Assignment:
Transcribe exactly everything in the data below from the line containing "Nabízím ke koupi" down to the line containing "Logos of rivers, creeks, riverbanks", both lines included and nothing further.

Data below:

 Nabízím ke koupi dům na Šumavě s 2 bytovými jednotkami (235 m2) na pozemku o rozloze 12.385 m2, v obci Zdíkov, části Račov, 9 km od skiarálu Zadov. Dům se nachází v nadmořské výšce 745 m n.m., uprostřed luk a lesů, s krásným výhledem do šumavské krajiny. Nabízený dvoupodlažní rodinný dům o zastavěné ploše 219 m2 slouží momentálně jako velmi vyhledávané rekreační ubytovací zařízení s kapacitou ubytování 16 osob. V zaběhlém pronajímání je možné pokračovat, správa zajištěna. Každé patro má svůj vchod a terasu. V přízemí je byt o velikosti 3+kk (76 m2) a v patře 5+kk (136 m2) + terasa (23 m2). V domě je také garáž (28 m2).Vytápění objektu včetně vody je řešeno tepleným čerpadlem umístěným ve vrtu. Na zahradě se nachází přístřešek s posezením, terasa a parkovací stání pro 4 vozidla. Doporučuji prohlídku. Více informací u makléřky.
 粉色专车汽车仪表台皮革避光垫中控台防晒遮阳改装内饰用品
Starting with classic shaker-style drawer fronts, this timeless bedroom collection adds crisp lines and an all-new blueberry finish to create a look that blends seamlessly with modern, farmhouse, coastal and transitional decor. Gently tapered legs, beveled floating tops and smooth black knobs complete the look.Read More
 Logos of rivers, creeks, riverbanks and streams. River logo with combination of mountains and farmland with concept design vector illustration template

End of Data.
Data below:

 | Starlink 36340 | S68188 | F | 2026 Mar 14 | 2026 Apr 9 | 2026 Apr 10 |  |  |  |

End of Data.

Your solution:
 Nabízím ke koupi dům na Šumavě s 2 bytovými jednotkami (235 m2) na pozemku o rozloze 12.385 m2, v obci Zdíkov, části Račov, 9 km od skiarálu Zadov. Dům se nachází v nadmořské výšce 745 m n.m., uprostřed luk a lesů, s krásným výhledem do šumavské krajiny. Nabízený dvoupodlažní rodinný dům o zastavěné ploše 219 m2 slouží momentálně jako velmi vyhledávané rekreační ubytovací zařízení s kapacitou ubytování 16 osob. V zaběhlém pronajímání je možné pokračovat, správa zajištěna. Každé patro má svůj vchod a terasu. V přízemí je byt o velikosti 3+kk (76 m2) a v patře 5+kk (136 m2) + terasa (23 m2). V domě je také garáž (28 m2).Vytápění objektu včetně vody je řešeno tepleným čerpadlem umístěným ve vrtu. Na zahradě se nachází přístřešek s posezením, terasa a parkovací stání pro 4 vozidla. Doporučuji prohlídku. Více informací u makléřky.
 粉色专车汽车仪表台皮革避光垫中控台防晒遮阳改装内饰用品
Starting with classic shaker-style drawer fronts, this timeless bedroom collection adds crisp lines and an all-new blueberry finish to create a look that blends seamlessly with modern, farmhouse, coastal and transitional decor. Gently tapered legs, beveled floating tops and smooth black knobs complete the look.Read More
 Logos of rivers, creeks, riverbanks and streams. River logo with combination of mountains and farmland with concept design vector illustration template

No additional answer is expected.